Solow is a partner at Hunton & Williams in Washington, D.C.
We interviewed Solow on January 27, 2004.
CCR: How long have you been with Hunton & Williams?
SOLOW: I have been with the firm since 2002.
CCR: What law school did you graduate from and what have you been doing
since?
SOLOW: I graduated from New York University School of Law in 1985.
I served as a federal district court law clerk for two years. I then served
as a prosecutor with the New York State Organized Crime Task Force. I then became
the co-director with Bobby Kennedy Jr. of the Pace University School of Law
Environmental Litigation Clinic.
I came to Washington in 1994 to become the assistant chief of the Environmental
Crimes Section at the Justice Department, and I became the chief of the section
in 1997.
When I left the Department in 2000, I accepted a two-year position as a Visiting
Professor at the University of Maryland School of Law. I joined Hunton &
Williams in 2002.
CCR: What is your practice at Hunton & Williams?
SOLOW: I practice primarily in the areas of white collar defense,
corporate compliance, and internal investigations, obviously with some emphasis
on environmental law, because of my background. Increasingly, I’m working
on compliance matters related to homeland security. I also counsel clients on
other compliance issues.
It helps to have had a background as a prosecutor, because you have the experience
of having seen examples of compliance failure, and of knowing how their failures
may be perceived by those in the government. What my clients want to know is
why those prior failures occurred and how to prevent them from happening at
their own companies.
CCR: You were at the Environmental Crimes Section for six years.
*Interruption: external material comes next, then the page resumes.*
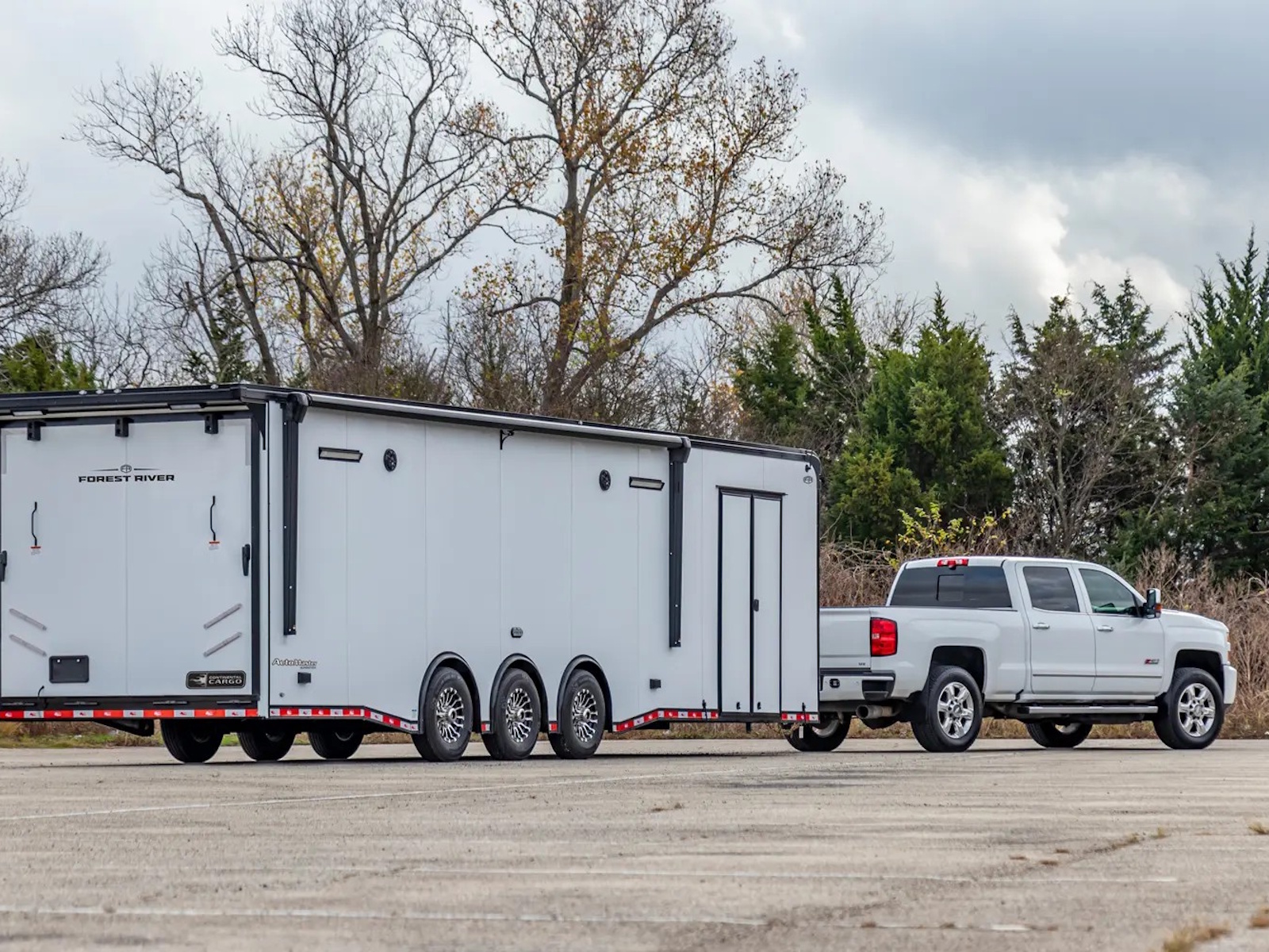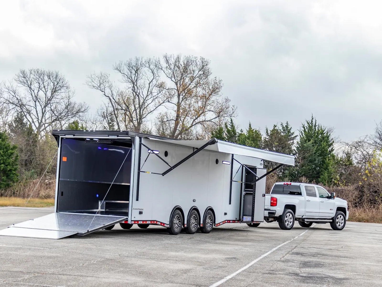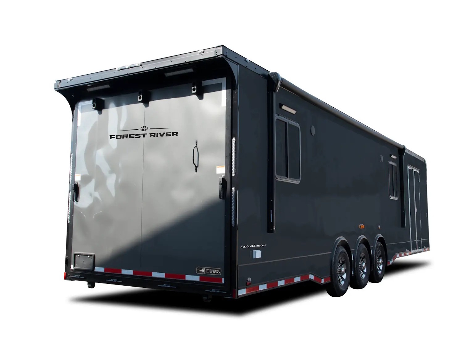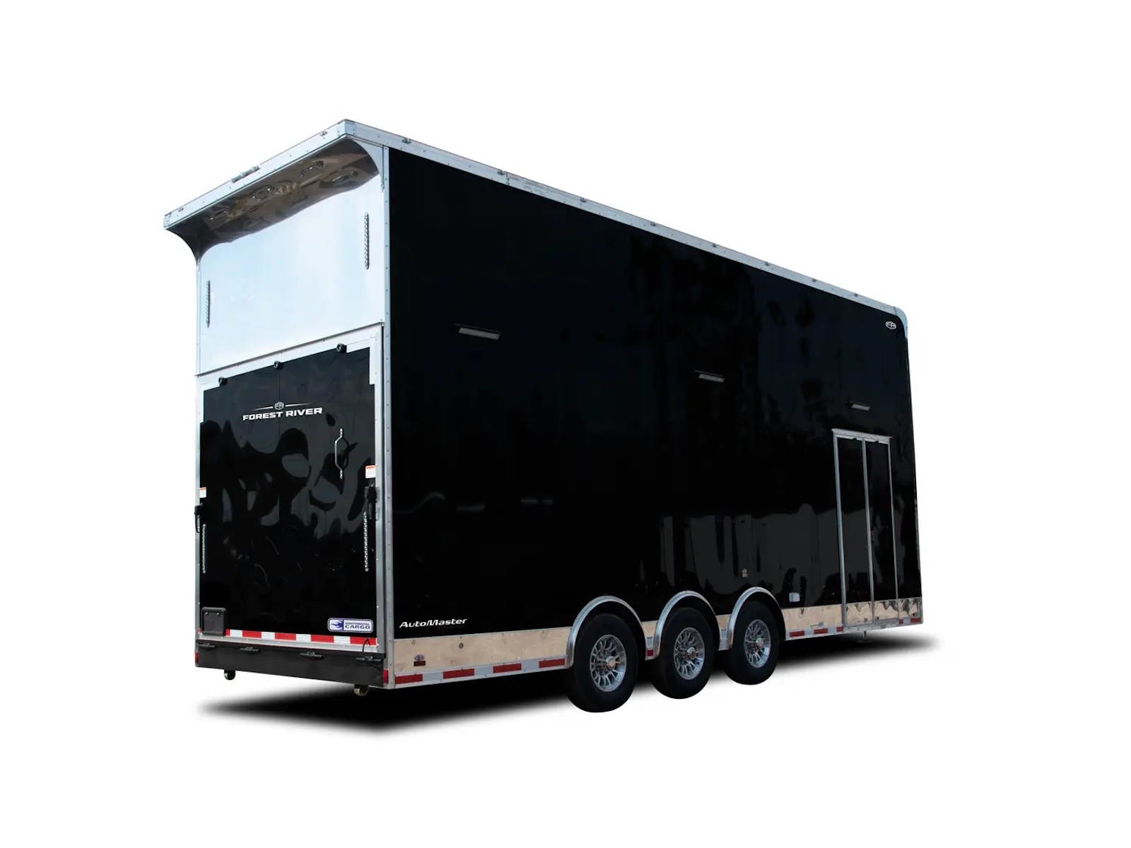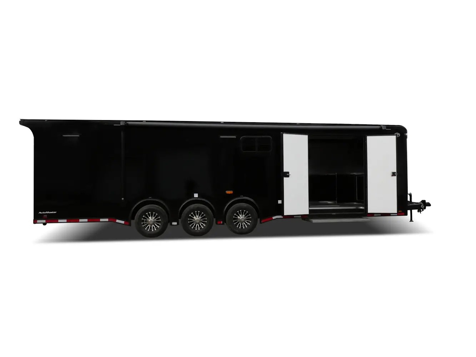 Auto Master auto haulers range in size from a 8.5’ x 18’ tandem axle to a 8.5’ x 48’ triple axle model. Electric brakes are standard on all Auto Master models. The standard payload capacities range from 2,680 to 6,674 lb. on tandem axle bumper pull models to 7,900 to 10,000 lb. on triple axle gooseneck models. A ramp door with no-show beavertail is standard on all Auto Master auto haulers.

While you were there, there was an uptick in criminal prosecutions. Prosecutors
like to say that politics plays no part in criminal prosecutions, they are going
to call cases as they see them. But a number of reports now show that under
the Bush administration, criminal prosecutions for environmental crimes have
dropped to all time lows.
SOLOW: To borrow from Tip O’Neill, like politics, all
prosecutions are local.
And in this area, almost all the investigators and prosecutors are local and/or
career government attorneys. For example, if you look at the Top 100 Corporate
Criminals of the 1990s on your web site – and I know many of those cases,
because I was at the Department at the time – you’ll see that almost
all of those cases originated with a career prosecutor or investigator.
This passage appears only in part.